We will install NFS Server on both nodes and have Pacemaker control the service, while replication occurs via DRBD (Distributed Replicated Block Device) in the background. You need to have a DRBD resource up and running on both nodes, if not, you can see my other post about installing and configuring DRBD.

(Tested on ubuntu:18.04)

Install & Configure NFS Server

sudo apt-get install nfs-kernel-server

Add our mountpoint on both nodes in /etc/exports for network address 192.168.7.0:

/srv               192.168.7.0/24(rw,nohide,insecure,no_subtree_check,async)

Install Pacemaker

References:

Pacemaker will be our Cluster Resource Manager. First ensure that DRBD service is disabled on both nodes.

sudo systemctl disable drbd
sudo umount /srv
sudo drbdadm down r0

After disabling drbd, install Pacemaker on both nodes.

sudo apt-get install -y pacemaker

On ubuntu 18.04, you may need to install crmsh as well.

sudo apt-get install -y crmsh

It is important that you have the same versions of pacemaker and corosync on all of the nodes, otherwise your cluster will complain about different versions and become unstable.

Configure Corosync

Now edit /etc/corosync/corosync.conf on both nodes.

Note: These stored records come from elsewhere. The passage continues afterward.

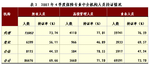 5.保险营销队伍整体实力增强。截至2007年12月31日,全国保险营销员数量首次突破200万人,创下历史新高。同时,营销员的持证率继续保持在99%以上。本年度,全国营销员渠道共实现保费收入3193.9亿元,同比增长20.48%。随着营销实力的增强,各保险公司更加重视保险营销员队伍,加大了投入,全年共支付佣金444.15亿元,同比增长了46.91%。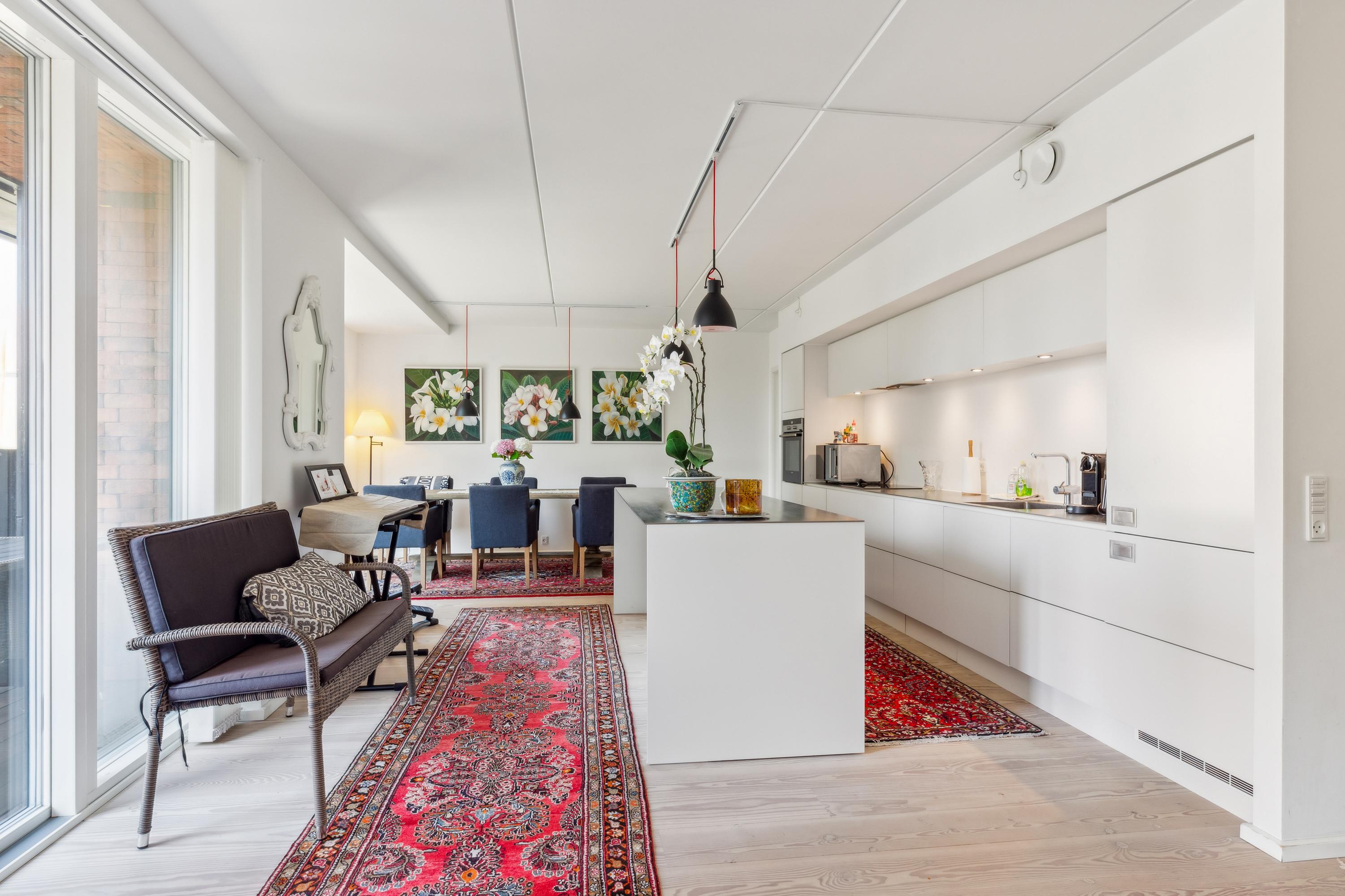 Den historiske varehusstil, som havnelivet ud til kanalerne engang var så fuld af, er genopfundet! Dét kan man sandelig mærke, når man står i denne lyse, flotte lejlighed, som vi har udbudt til salg. Denne luksuriøse sag er til parret, den lille familie eller simpelthen til livsnyderne, der søger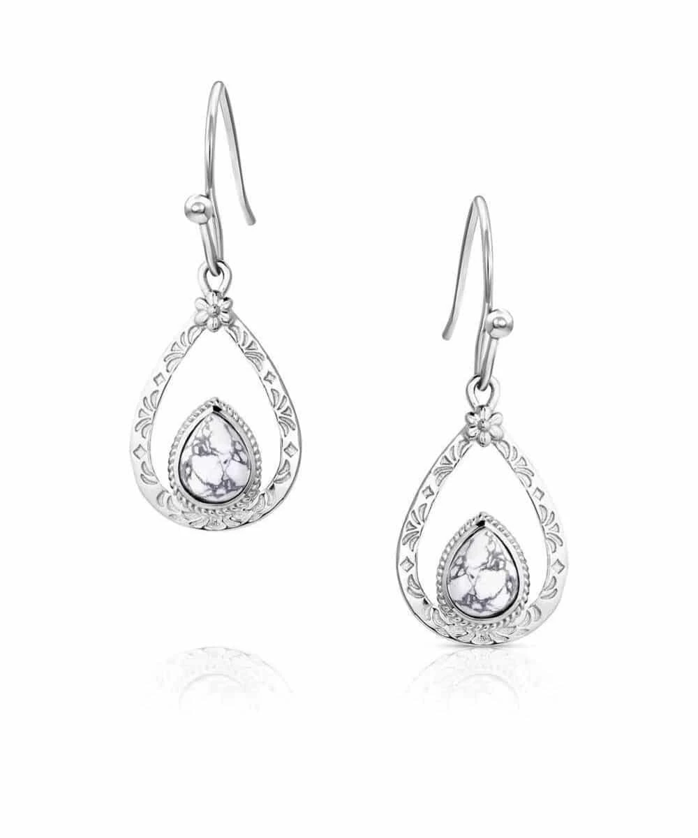 Rhodium Over Brass Base; Open Teardrop Shape With Natural White Howlite White Buffalo Stones At The Bottom Surrounded By Silver Tone Roped Border; Hypoallergenic Stainless Steel French Wires; Measures Approximately: 0.6″ W x 1″ H x 0.3″ L; Style #ER6017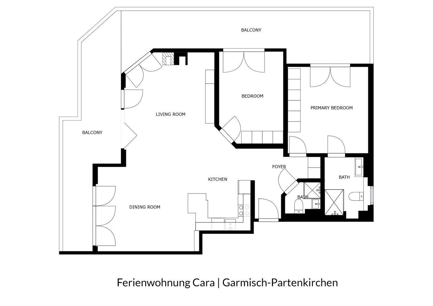 Die Wohnung "Cara" liegt nahe dem Zentrum von Garmisch in einem neu gebauten Mehrfamilienhaus. Auf 123 qm finden bis zu 4 Personen ein zu Hause auf Zeit!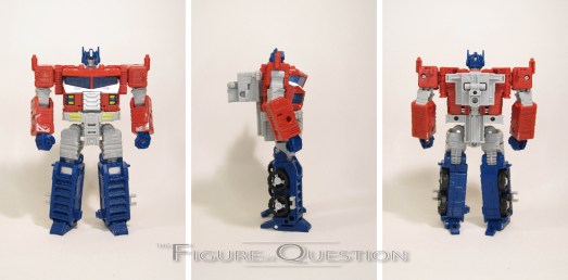 In terms of alt modes, Optimus follows the trend set by Ultra Magnus, with three distinct ones. The first is the core bot mode, and this is the one where the Magnus re-use becomes the most evident, as they’re virtually the same. The only sculptural (but not functional) difference is the tooling on the front of his torso, as well as a swapped out front to is pelvis piece. Neither are overly different; the pelvis in particular is easily missed, but the new torso is slightly more pointed and, following the trend of the outer armor, more streamlined when compared to Magnus. It’s a subtle change, but one that really sells the differences between the characters. A less subtle change is the color scheme, which swaps out the monochromatic look of Magnus for something more in line with Optimus’ usual primary colors. This, coupled with the change in sculpt, makes the figure undeniably Optimus Prime, rather than Prime-inspired like it was before.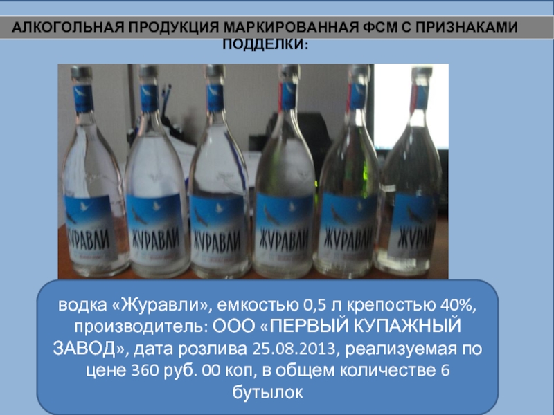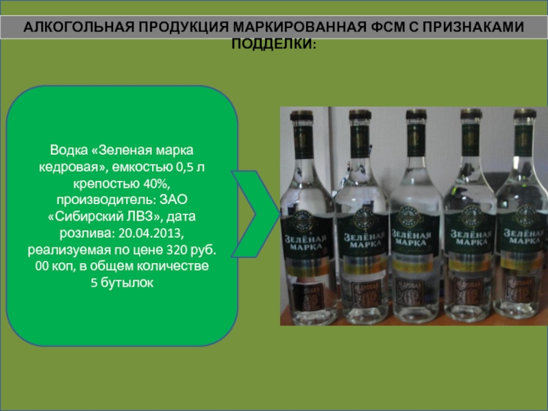 АЛКОГОЛЬНАЯ ПРОДУКЦИЯ МАРКИРОВАННАЯ ФСМ С ПРИЗНАКАМИ ПОДДЕЛКИ: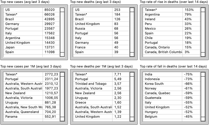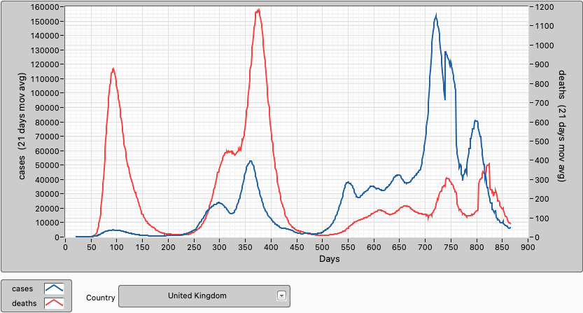 In the UK cases and deaths are trending down.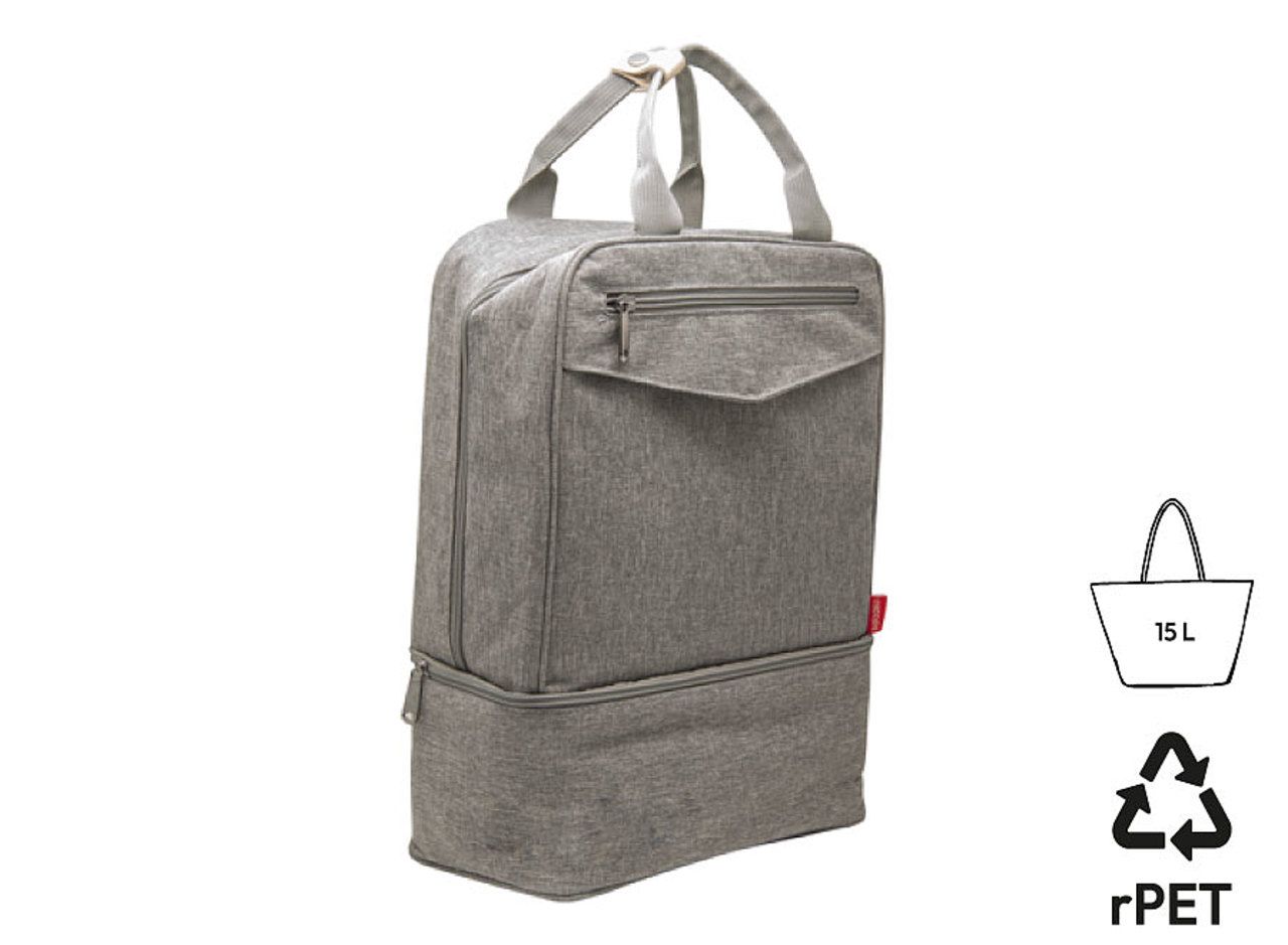 Double compartment insulated backpack in heather grey RPET fabric. Aluminium interior. Suitable for all our bento models. 3mm thick insulation covered with aluminium foil. Zipped closure. Capacity: 15 L.

Here most of the configuration comes from the default file, we will just add the following sections.

In totem section, add:

totem {
        ...
        secauth: off
        transport: udpu
        interface {
                ...
                bindnetaddr: 192.168.7.0
                broadcast: yes
        }
}

Here bindnetaddr is the network address of your nodes. Under totem, add a new section nodelist.

nodelist {
         node {
              ring0_addr: 192.168.7.123
              name: alpha
              nodeid: 1
         }
          node {
              ring0_addr: 192.168.7.140
              name: delta
              nodeid: 2
         }
}

In quorum section, disable expected_votes: 2 and add the following.

quorum {
        ...
        #       expected_votes: 2
        two_node: 1
        wait_for_all: 1
        last_man_standing: 1
        auto_tie_breaker: 0
}

The final configuration should look like this.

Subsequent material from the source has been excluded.